Tag Archive for Better Off Undead Preller

BEES IN BOOKS: “Anna Karenina” & Jen the Beekeeper

 

Illustration by Stephen Gilpin from BEE THE CHANGE, which is the third book in  “The Big Idea Gang” series.

We all have them, those books we feel that we “should” read . . . someday. For me, one such book was Leo Tolstoy’s Anna Karenina.

I am pleased to formally announce to my Nation of Readers that I finally got around to it. And I enjoyed the book, too. Tolstoy gives each character a full interior life, and allows them the room to inhabit contradictions and complexity. Good writer, he might make it!

The book’s hero is Konstantin Dmitrievich Levin, an educated landowner in touch with the rhythms of the natural world. I was charmed when at the end of the book, sometime after page 800, we learn about Levin’s “new interest in bees.” It came out of the blue. Levin even takes his guests to visit the apiary. This is a clear sign — from Tolstoy — directly to me — that Levin is truly a good guy. He gets bees.
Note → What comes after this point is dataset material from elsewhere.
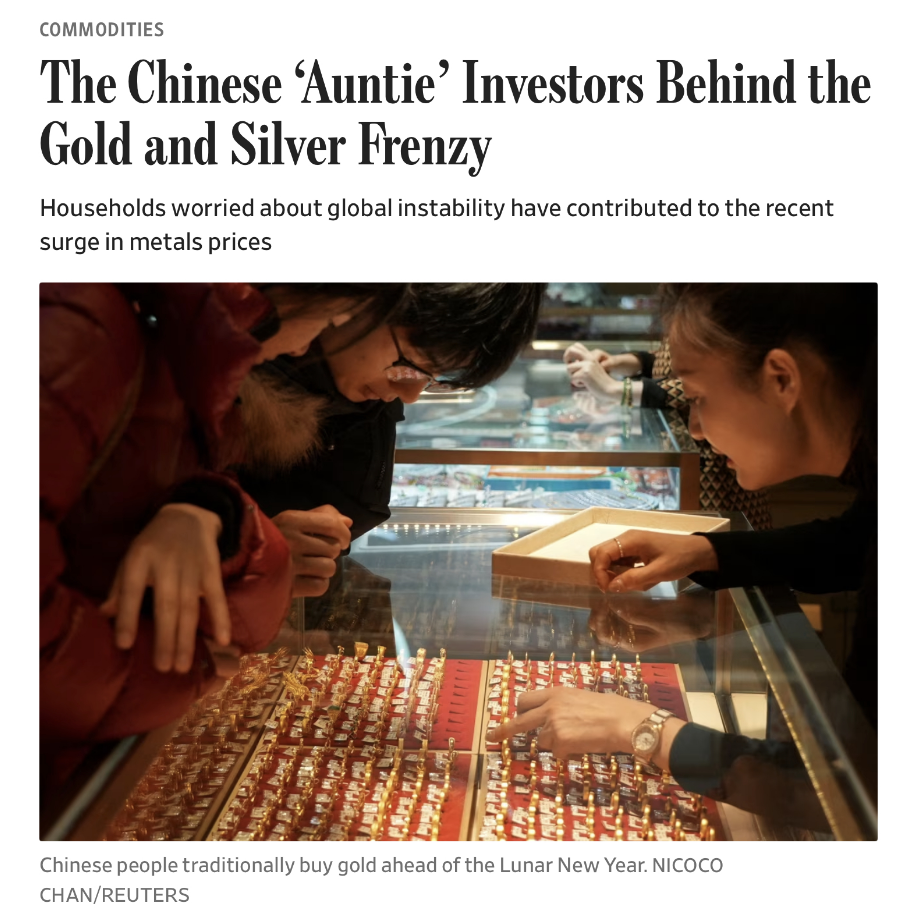 - 华尔街日报(WSJ)2026 年相关报道《The Chinese ‘Auntie’ Investors Behind the Gold and Silver Frenzy》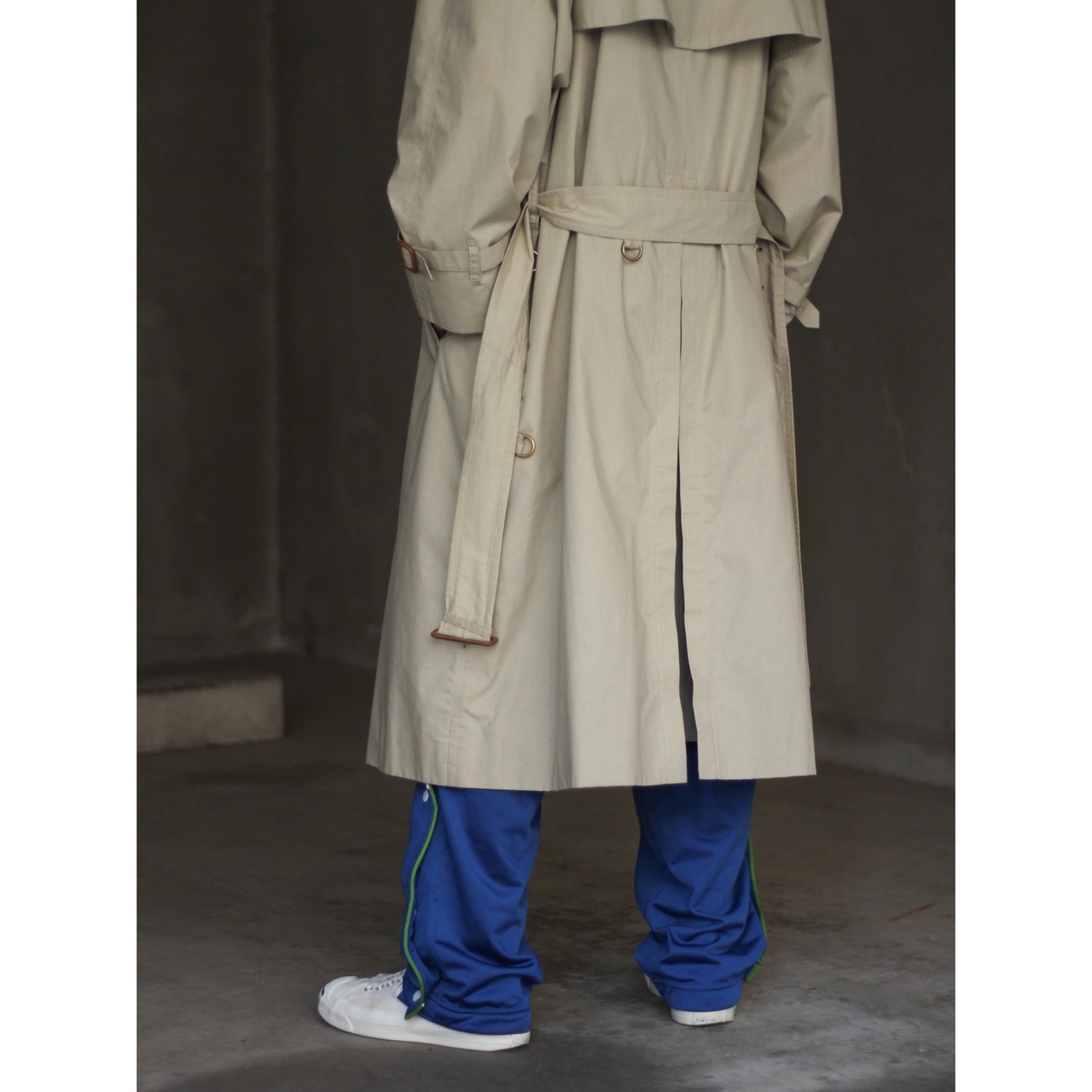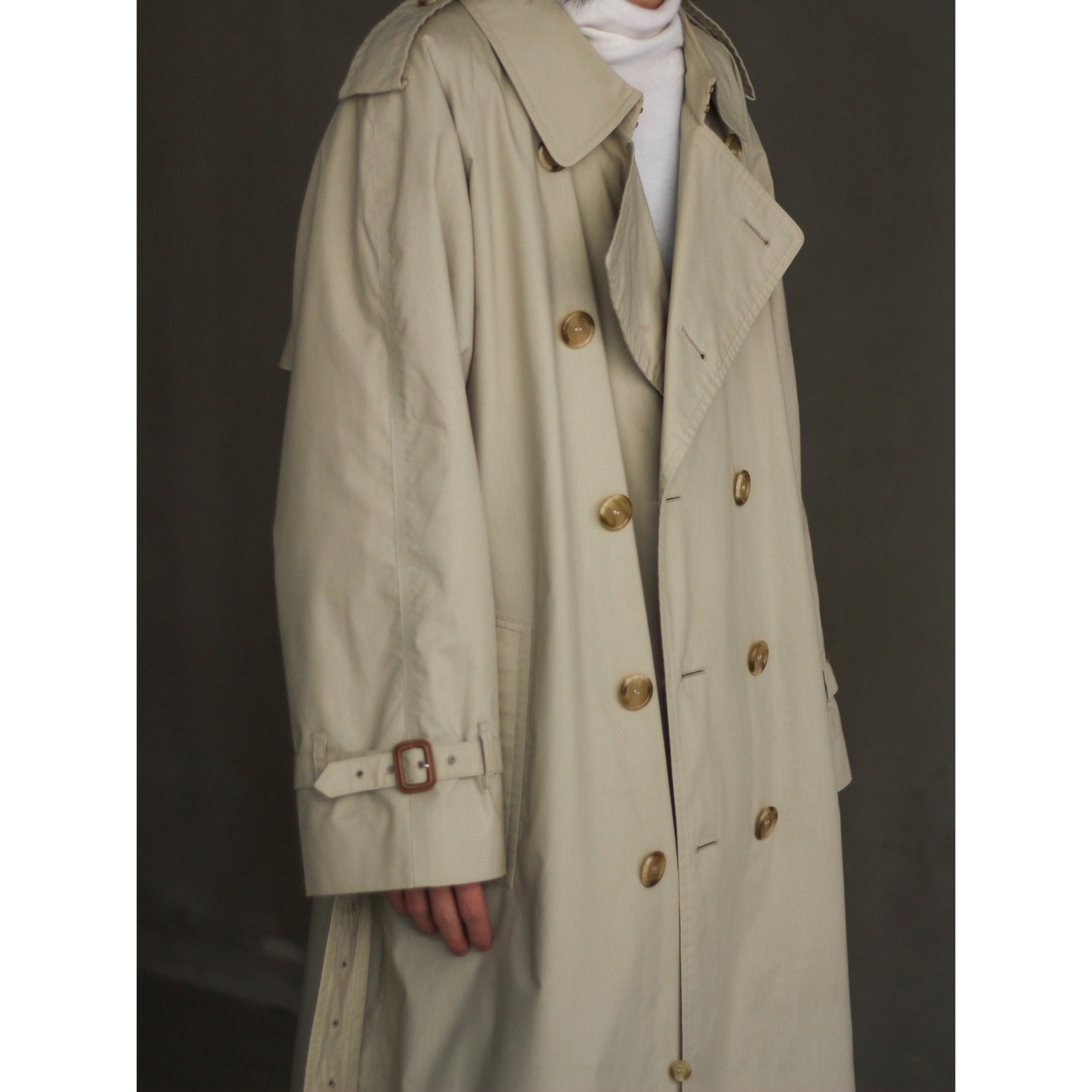カタチもこのブランドならではな、ダブル仕様のトレンチコートスタイルです。

I admire bees, too. They’ve crept into my books of late. A bee plays a pivotal role in Better Off Undead, and (bizarrely) delivers the key line of the book, “It all connects.” In addition, a small group of students and a wonderful science teacher keep a hive on the grounds of the middle school. Bees are a theme that buzz through the book.

Here’s Jen now, smoking the hive to settle things down.

I borrowed the hive idea from a local science teacher and beekeeper, Jennifer Ford, who teaches at nearby Farnsworth Middle School in Guilderland. Jennifer met with me, answered my questions, and even took me to commune with the hive at the middle school garden. Jen’s beekeeping activities extend beyond the school where she teaches; Jen and her partner Keith have run the Bees of the Woods Apiary in Altamont, NY, since 2008. They currently have about 20 chemical-free hives and produce beeswax candles, honey, and mead (honey wine).

For the third book of “The Big Idea Gang” series, Bee the Change, the narrative centered around honeybees. Lizzy and Kym visit with a beekeeper, learn some things about pesticides and colony collapse disorder, and become inspired to make a difference in their local community. These are characters who ask, “What can we do to help the honeybees?” Essentially the story revolves around the specific things they do to make positive change, concluding with the creation of a bee-friendly garden at their elementary school.

It’s funny how it works with books and reading and life in general. Once our antennae is up, we receive all kinds of signals that we’d have otherwise missed. If I read Anna Karenina even five years ago, I would have missed Levin’s bee infatuation. I’m glad I caught it.

In Praise of Extremely Short Chapters

I remember in college reading William Faulkner’s As I Lay Dying. It contained an extremely short chapter that kind of blew my mind: 

My mother is a fish.

That was all, just five words — a playful idea that appealed to me enormously. I’m not sure why, because you could easily dismiss it as gimmicky. But to me, then and now, I thought of it as clever and refreshing.

Last week, I was in the midst of finishing up a middle-grade novel (a prequel/sequel to Bystander). During this late stage, the work was all-consuming. For example, last week I woke up at 3:40 AM, rolled over and jotted down additional notes toward the chapter that I intended to write later that morning. For this upcoming chapter, I had a clear idea about what I hoped to accomplish: I had notes, scribbled lines of dialogue, established goals. At the end of the chapter, there was going to be a brief but crucial exchange between siblings. I wondered if I should separate it, give that moment it’s very own short chapter. It would break from the format of the book — with chapters coming in around 1,000 words each — further highlighting its importance. But I fretted that it might be jarring and disruptive. Decisions, decisions.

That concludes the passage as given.